### TASK ITEM
All that belongs in the answer is the lines from the one containing "不过榴莲泡芙不宜久放,最佳品" to the end of the listing below, copied exactly, pictures excluded.

Start of SUPPLIED DATA

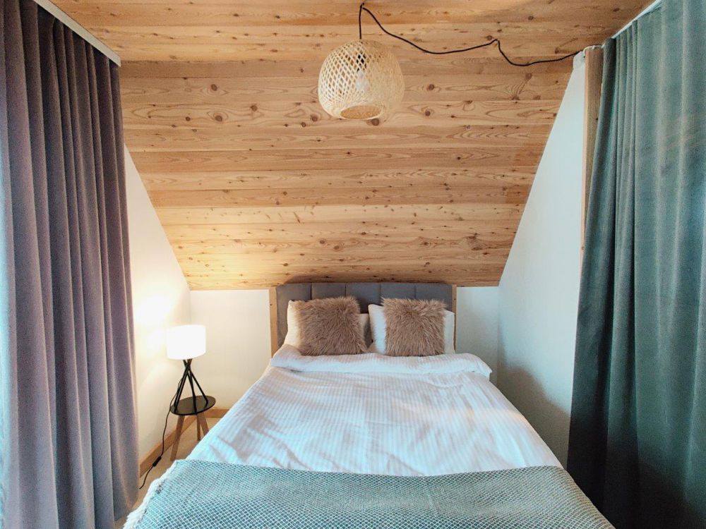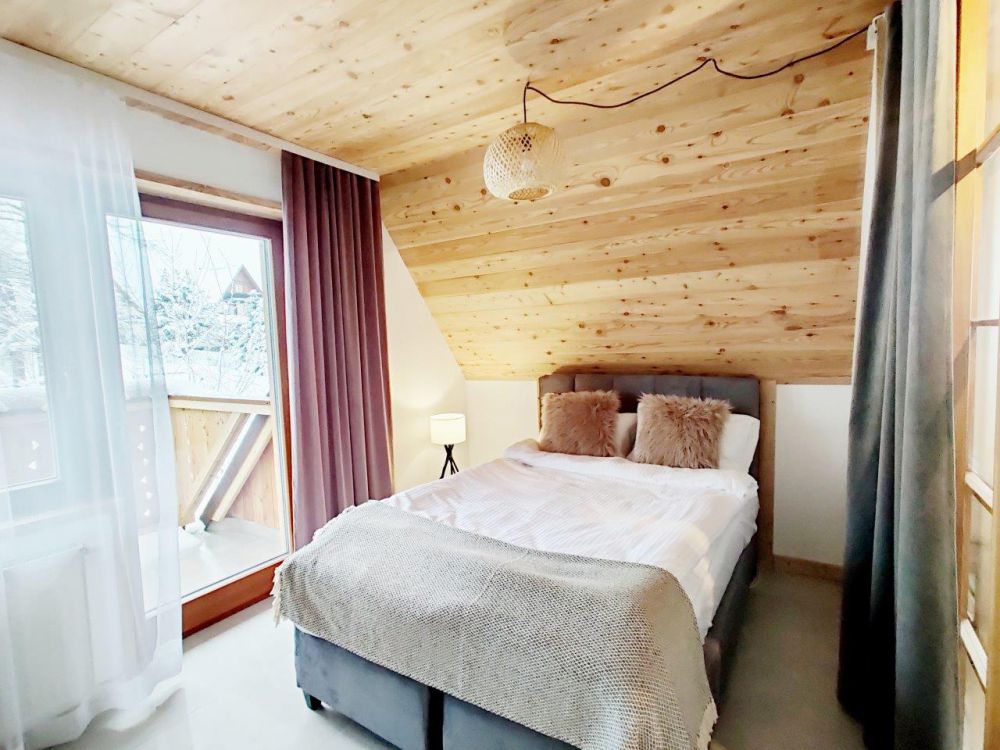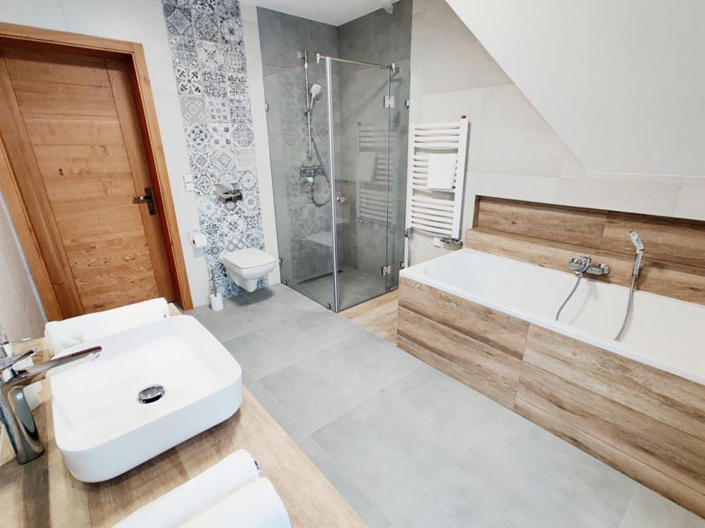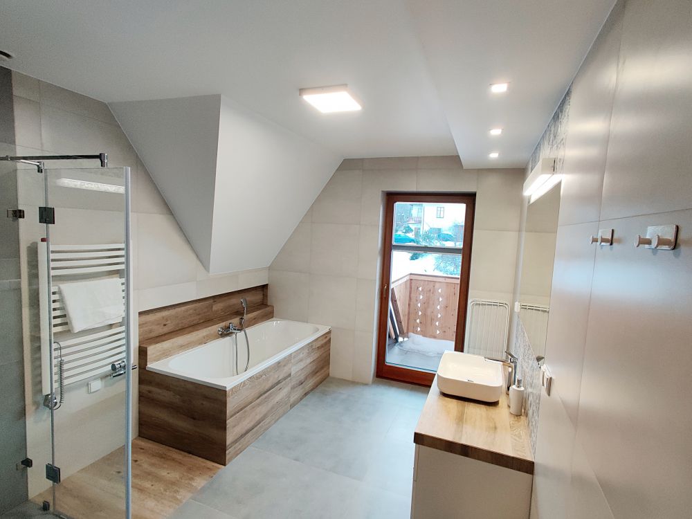Komfortowy, dwupoziomowy apartament z widokiem dla max 5 osób z dużą łazienką z wanną i prysznicem.
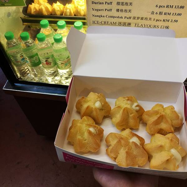 不过榴莲泡芙不宜久放,最佳品尝期限其实最好在一个小时内! 10马币6个,我一口气吃了12个
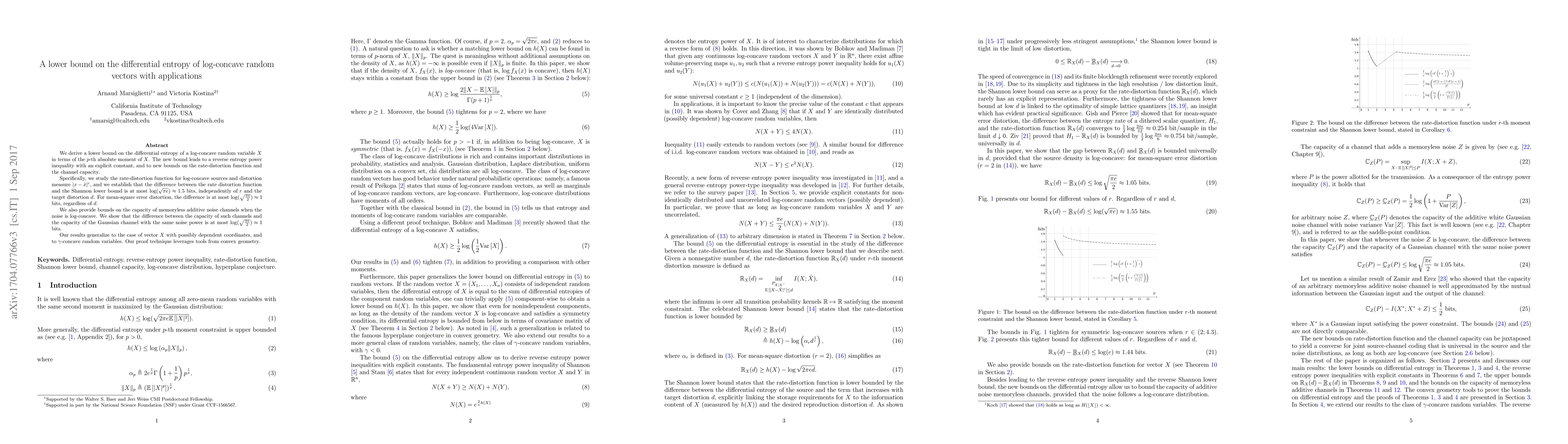 This paper establishes a lower bound on the differential entropy of log-concave random vectors in terms of their $p$-th absolute moments, leading to new bounds on rate-distortion functions and channel capacities. The results show that the difference between the rate-distortion function and Shannon's lower bound is at most 1.5 bits for general distortion measures and 1 bit for mean-square error distortion.
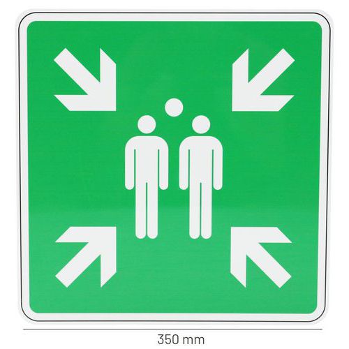 Panneau Point rassemblement après évacuation, Adhésif: non, Rigide: oui, Panneau forme: Carré

End of SUPPLIED DATA

### WRITTEN RESPONSE
 不过榴莲泡芙不宜久放,最佳品尝期限其实最好在一个小时内! 10马币6个,我一口气吃了12个
 This paper establishes a lower bound on the differential entropy of log-concave random vectors in terms of their $p$-th absolute moments, leading to new bounds on rate-distortion functions and channel capacities. The results show that the difference between the rate-distortion function and Shannon's lower bound is at most 1.5 bits for general distortion measures and 1 bit for mean-square error distortion.
 Panneau Point rassemblement après évacuation, Adhésif: non, Rigide: oui, Panneau forme: Carré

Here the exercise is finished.